John Esposito was a friend of the Beers family who would frequently give attention and gifts to Katie and John Beers, but would also sexually abuse John. Esposito had previously been arrested in 1977 for the attempted abduction of a twelve-year-old boy.

Kidnapping
Beers was lured into Esposito's house at Bay Shore, New York on December 28, 1992, two days before her 10th birthday, by the promise of birthday presents. After Beers played a video game in Esposito's bedroom, he forced her into an underground concrete bunker.

The 6-foot-by-7-foot bunker hill was located under Esposito's garden and accessed via a six-foot long tunnel. The entrance tunnel was concealed by a 200-pound concrete trap door and hidden behind a removable bookcase in Esposito's office. The bunker contained a commode toilet and closed-circuit television system. Within the bunker was a coffin-size soundproofed room containing a bed and television where Beers was chained. Esposito would later tell police he had built the bunker specifically for Beers. Beers herself later recalled playing in the dirt displaced by the bunker as Esposito dug it a few years before the kidnapping.

Immediately after forcing Beers into the bunker, Esposito made her record a message where she claimed a man with a knife had taken her. Esposito played the message at a pay phone outside the Spaceplex amusement arcade at Nesconset, New York and told the arcade's staff that he had lost Beers within the building. Police were called when she couldn't be located.

During her captivity, Esposito would frequently visit Beers to sexually abuse her while also providing food, blankets and toys. He allowed Beers into the larger part of the bunker when he visited her but would force her back into the smaller room when she was alone, although Beers was able to unchain herself and escape to the larger room in Esposito's absence after hiding a key under her pillow, but was unable to escape the bunker itself. Esposito told Beers he intended to keep her in the bunker for the remainder of her life, and planned to take a photo of her asleep and send it to police so they would believe she was dead, although the photo was never taken.

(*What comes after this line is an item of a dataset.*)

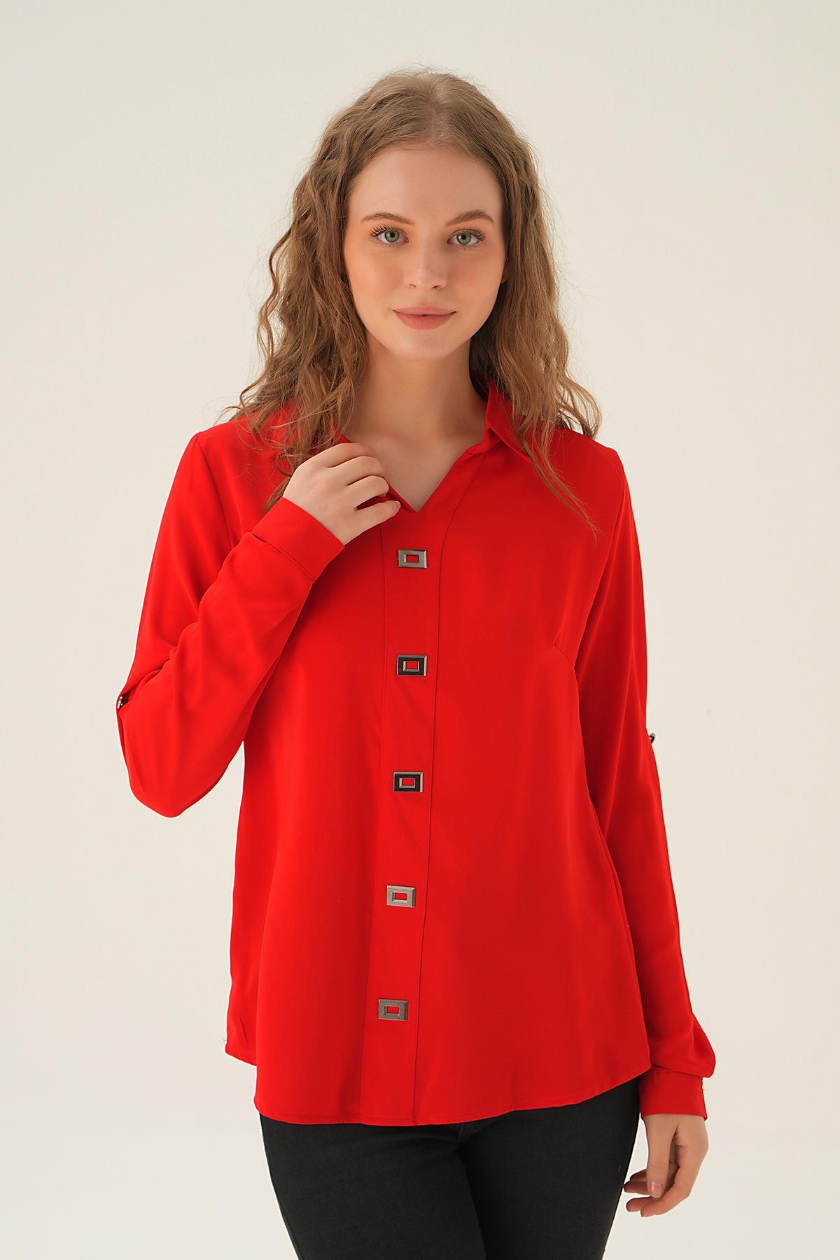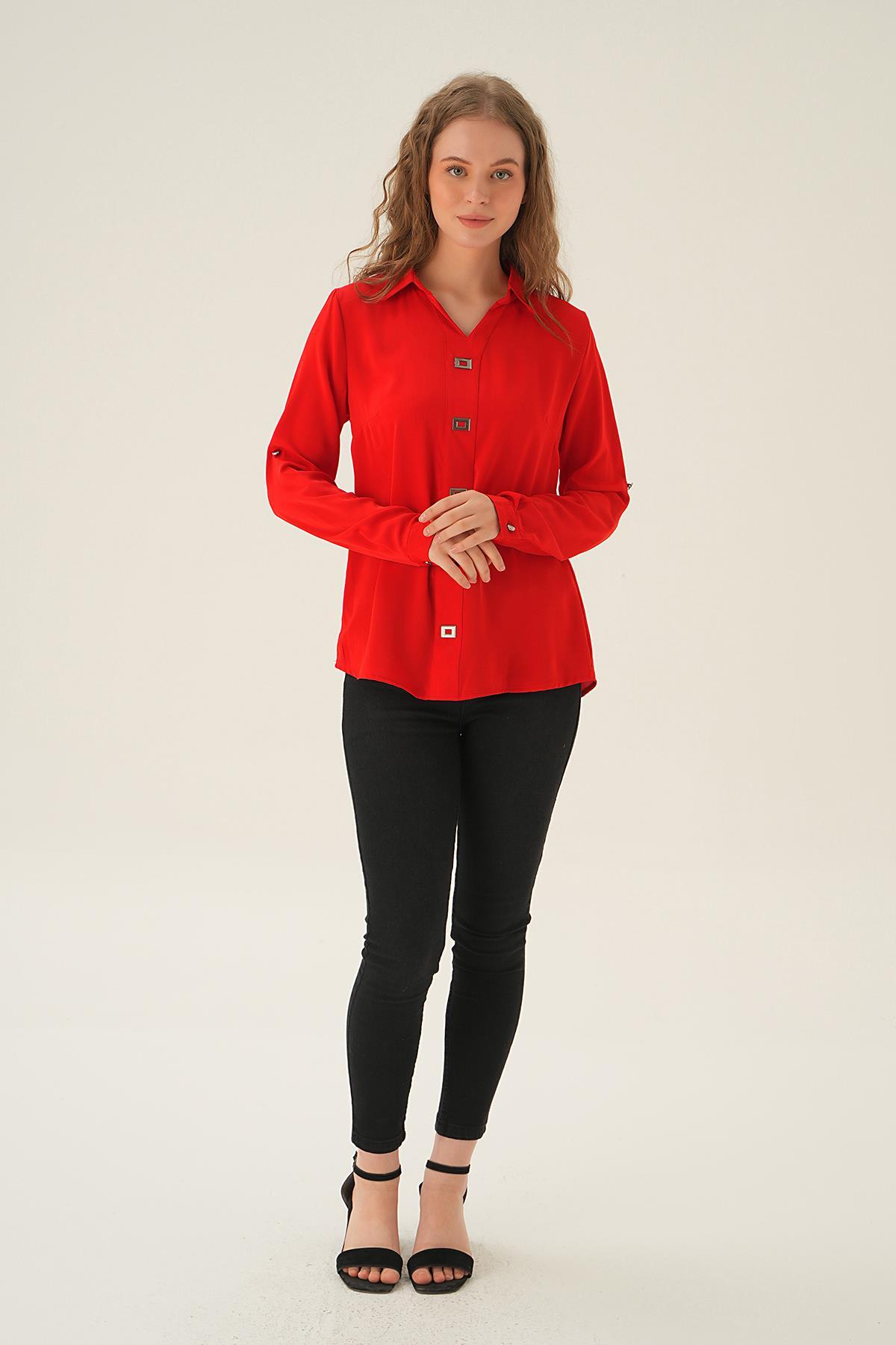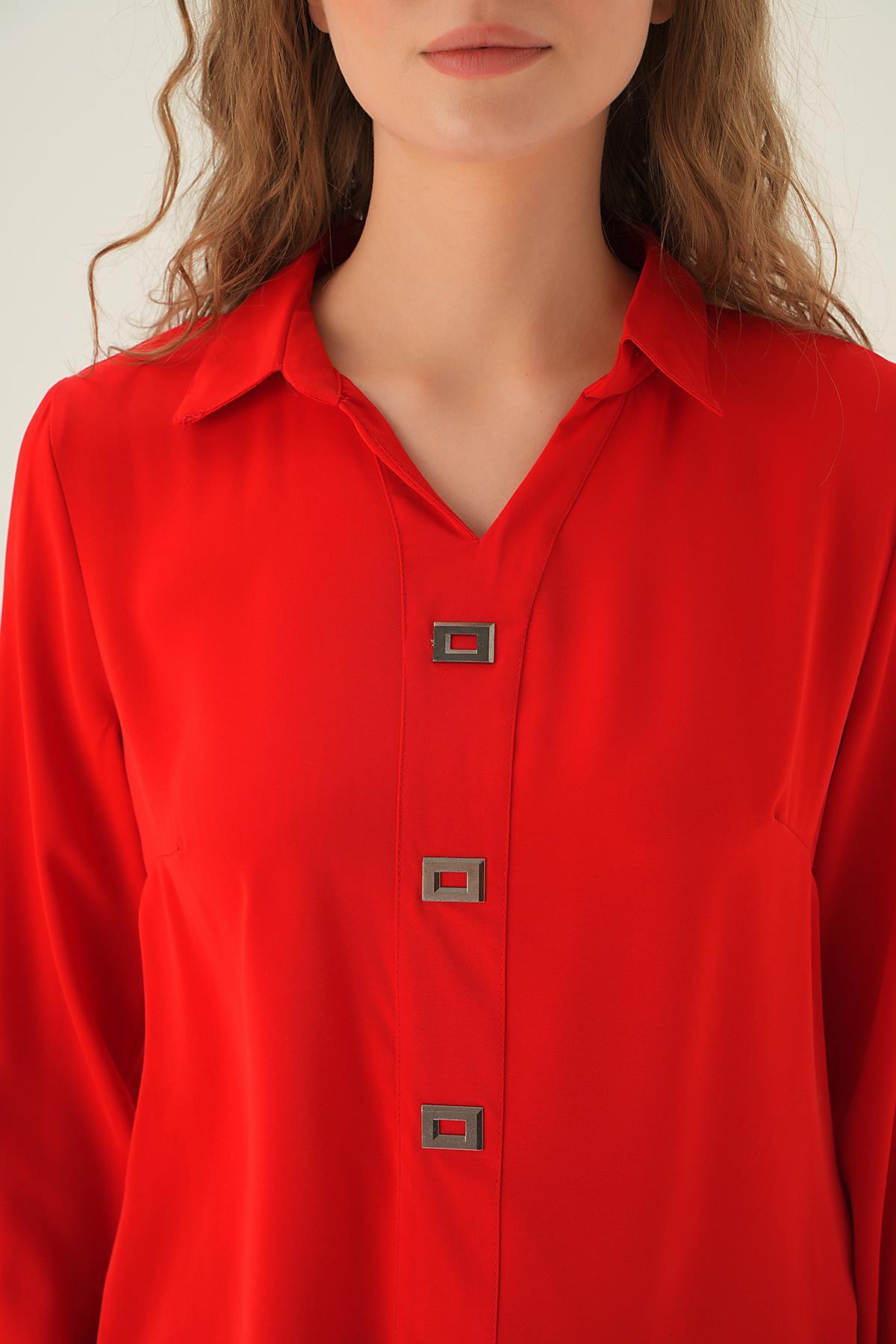 Kırmızı Polo Yaka Düğme Detay Tunik 25538
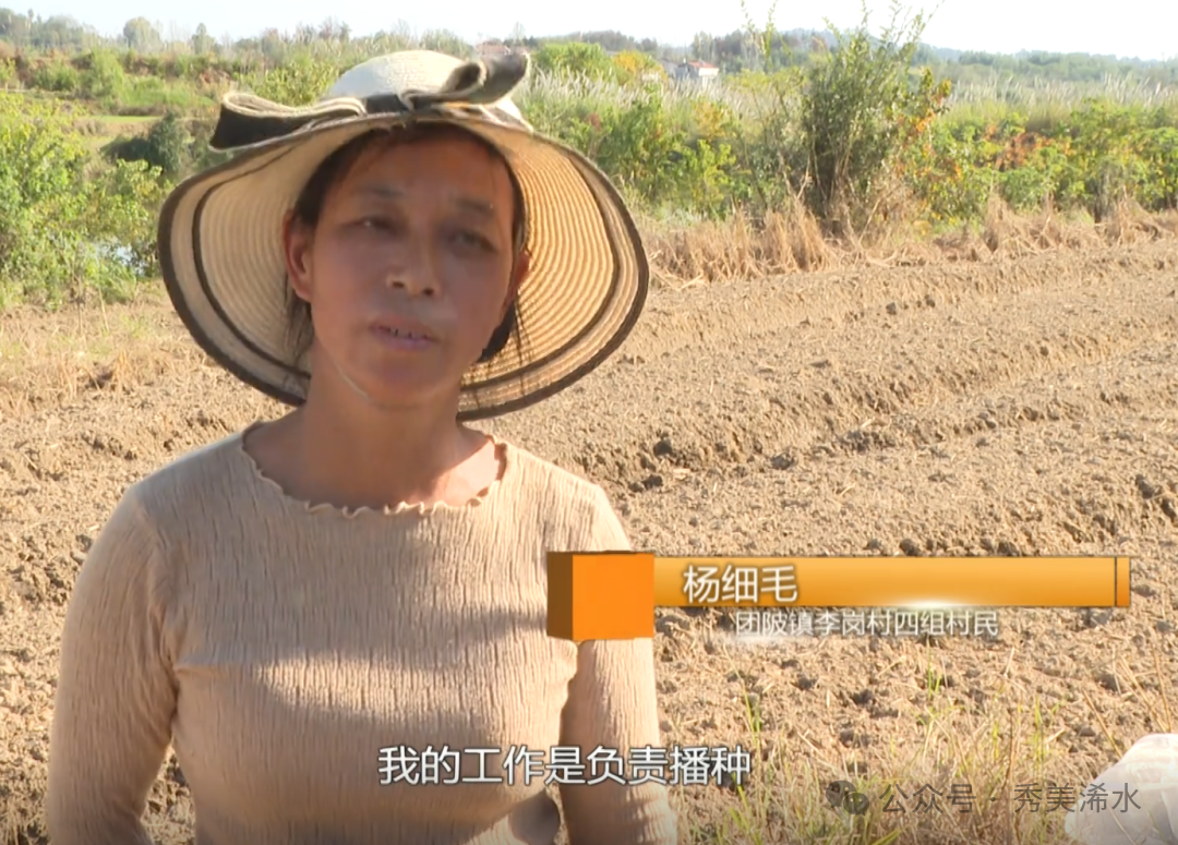 团陂镇李岗村四组村民 杨细毛:我的工作是负责播种,一天播种120斤,播种面积在一亩开外,每天8个小时,还可以照顾屋的。

Esposito was a suspect from an early stage in the police investigation, following accusations of previous sexual abuse towards John Beers and witnesses at Spaceplex stating that he entered the arcade alone on the day of Beers' disappearance. Police also determined that Beers' phone message about a man with a knife was from a previously made recording based on a lack of background noise.

On January 13, 1993, 17 days after the kidnapping, Esposito confessed to holding Beers captive and took police to the bunker where they rescued her.

Aftermath
Esposito pleaded guilty to kidnapping on June 16, 1994 and was sentenced on July 27, 1994 to 15 years to life, a sentence he served at Sing Sing prison in Westchester County, New York. During Esposito's trial, Beers said he had raped her during her captivity. Although he was not charged with this, the judge sentencing him agreed with her. Esposito was found dead in his cell of apparently natural causes on September 4, 2013, shortly after his fourth parole hearing in 20 years.

Sal Inghilleri was convicted of two counts of sexual abuse and served 12 years for molesting Beers. During the investigation into the kidnapping, authorities discovered that Inghilleri had sexually abused the girl before she was abducted. He was prosecuted additionally for those crimes. He died in prison in 2009.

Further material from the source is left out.